There were the heart-warming stories. Like the head of Barnes and Noble who financed new homes for a group of families in the Ninth Ward of New Orleans who had lost their homes, restoring faith in these people's hearts that there are decent folks in the world who are not just grasping and grasping more and more and more.

We've returned home with a coconut and plan to smash it tonight as snow drifts down outside, drinking its sweet milk, and chewing on its flavorful meat, perhaps with a glass of champagne for Michael and I to celebrate, well, life, family, the hope for better in the New Year.

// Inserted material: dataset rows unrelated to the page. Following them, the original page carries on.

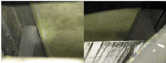 减速机输出轴的窜动量由两部分组成,一个是磨机的热膨胀和机械偏差所造成的位移,另一个就是减速机联轴器的伸长量。一般减速机设计,输出轴和齿轮在减速机中是固定的,磨机所产生的热膨胀和机械偏差由联轴器承担,只有力矩传递给减速机,磨机和减速机互不干扰,只有在磨机挡板磨损过大,磨机偏移超过联轴器的许用值时才对减速机有影响。检查磨机固定轴承的滑履和铜夹板之间的间隙,从以下照片看,照片1显示其在磨头侧方向有3.5mm的间隙,照片2显示在磨尾侧几乎没有间隙,且由于两侧的铜夹板没有任何磨损的痕迹,而且,从业主操作人员反映的情况看,滑履的温度从未超过50度,大部分时间都是在40度以下,这就充分说明磨机本体没有任何窜动,特别是向磨尾方向更是不可能有窜动。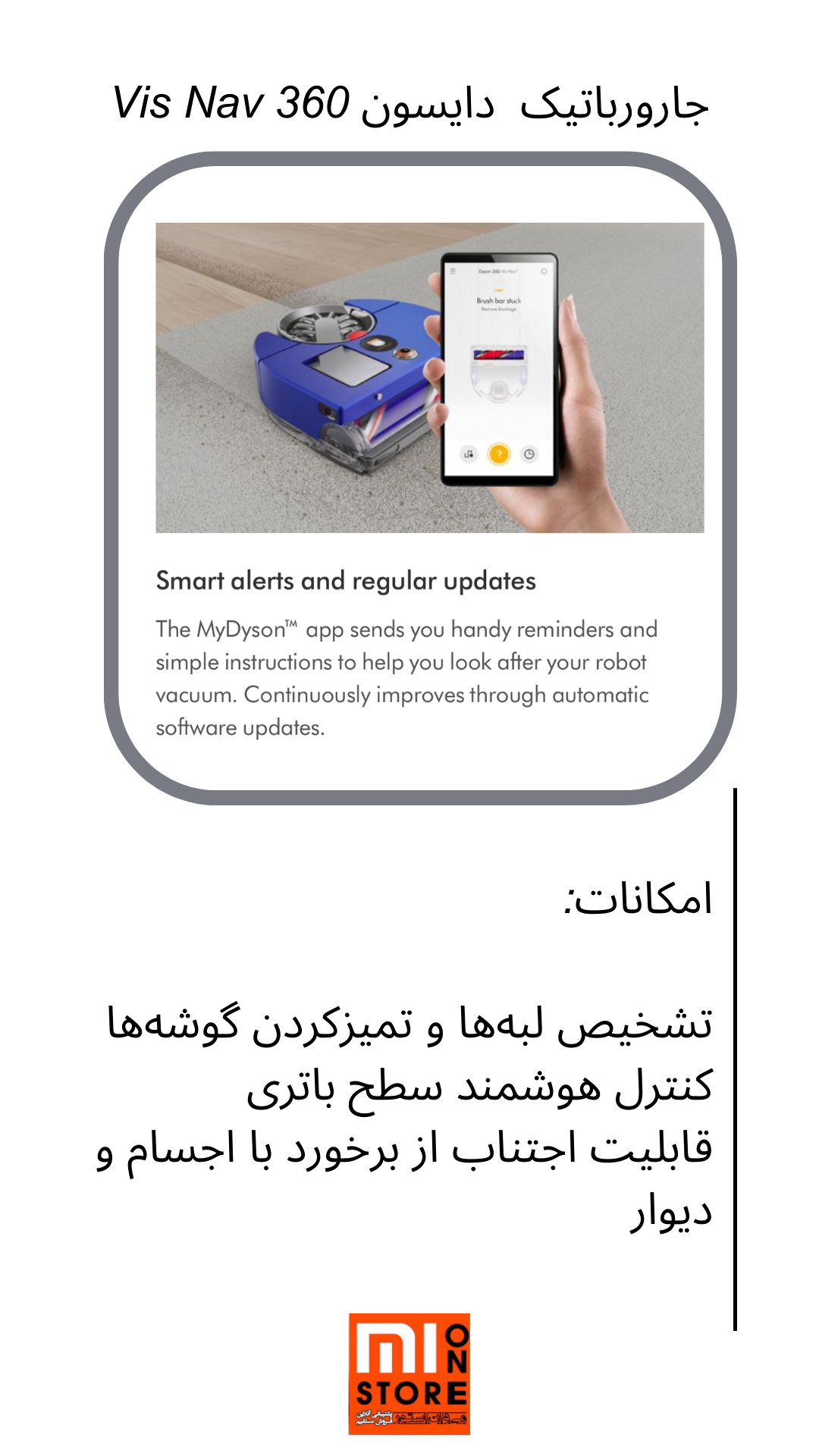 - جارو رباتیک دایسون مدل 360 Vis Nav دارای دید ناوبری بصری 360 درجه است که می تواند به یاد آورد که کجا بوده است و می بیند که کجا باید تمیز شود این ربات جز قدرتمندترین ربات است.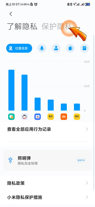 图库设置密码,先将手机桌面的“设置”选项打开,下滑找到“隐私保护”选项,然后点击页面上方的“保护隐私”选项,再点击左下角的“应用锁”图标,设置完密码后,在应用中找到“相册”选项,点击打开右侧的开关即可。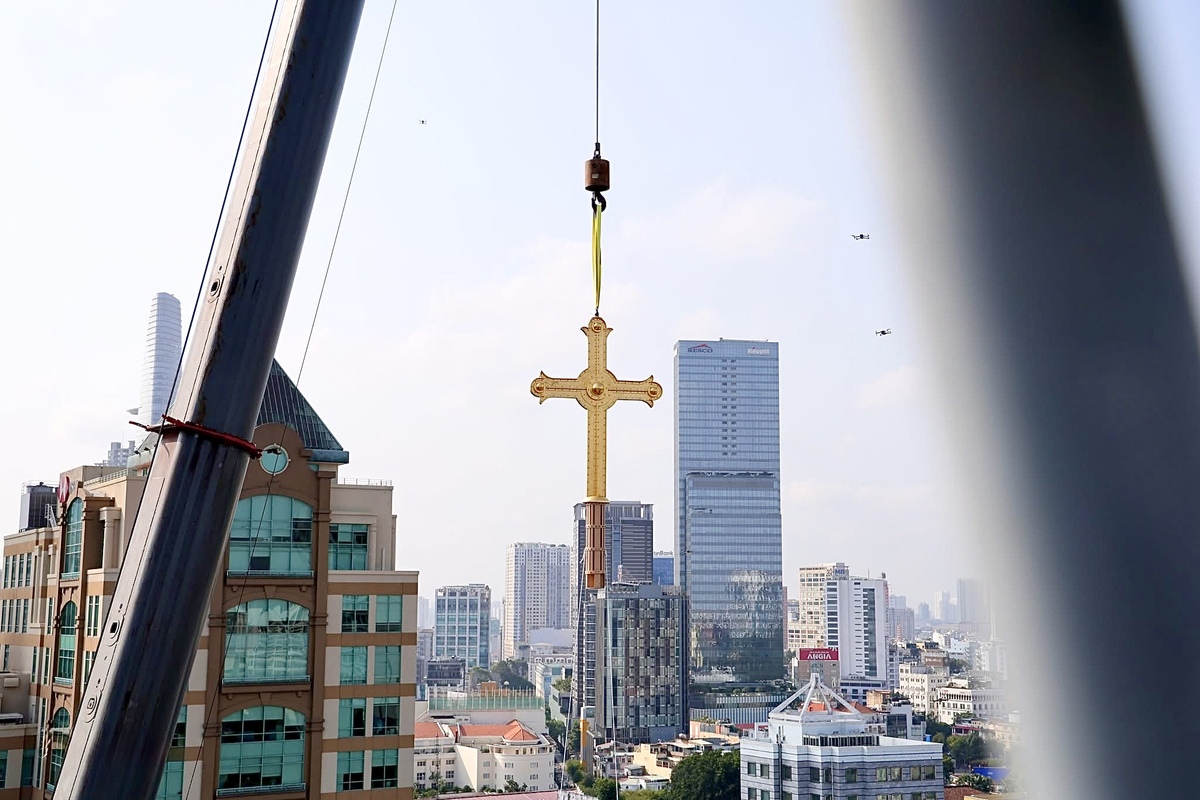 Sáng 19/3, tại khuôn viên Nhà thờ Đức Bà (TP.HCM), Tổng giáo phận TP.HCM làm lễ đưa hai Thánh giá mạ vàng lên tháp chuông. Đây là sự kiện được đông đảo bà con giáo dân chờ đợi khi hai thánh giá là biểu tượng của giáo hội Công giáo, đồng thời có ý nghĩa đặc biệt khi thay thế hai Thánh giá cũ tuổi đời gần 130 năm.

Now I have to belly up to re-entry chores, re-entry hell. Clean out the mucky fridge, do laundry, buy food (yeah, this family's gotta eat), slog through my email...take loads of leaves ('member I told you 'bout the ones that don't fall till the snow falls) to the dump and warm up the material for my fourth book, my new novel, the one I began before the launch of The White Space Between.

Not to mention enjoying, savoring the pleasures of home. Like a cuddle with my gorgeous winter dog, Monty Booh, a Berner who as I write is outside on a cloud of snow, in heaven, nipping at drifts.

Write me!

-Ami

2 comments:

peacelovesweetness said...

As I read your latest blog post, I can't help but be filled with envy of your too perfect trip to the tropics! And after reading it, to have to look outside and see the whites and blacks of the winter right outside my window.....not fun. Anyways, I'd like to wish you a happy, healthy, and of course literature-filled new year!

Leo said...

Re-entry I agree with. Hell I do not.

When one spends time away from home, from the ordinary, from the routine, you gain a new perspective on things.

We always spend a week or two away from home every 4-6 months and the act of re-entering makes us realize that home, while familiar, is no longer the same as it was when we left. We've gained something while being away. Call it perspective. Call it context. We're still surrounded by the familiar things we like and it's always good to be back on your sofa, in your bed, in your office.

But while surrounded by the comfort of familiar, everything looks a little bit different. As if you were looking at things while standing just an inch or two to the side of where you used to stand. It's an odd feeling, but it's also a good one too as it provides you with a realization, with the wisdom, dare I say, to appreciate what you used to take for granted.

So, out with the Christmas tree, pack away the baubles and star, roll up the extension cords and lights, Christmas 08 is over and what a good one it was.

Happy New Year to one and all and may 2009 be as sumptuous, sensuous, serious and silly as 08 could ever be.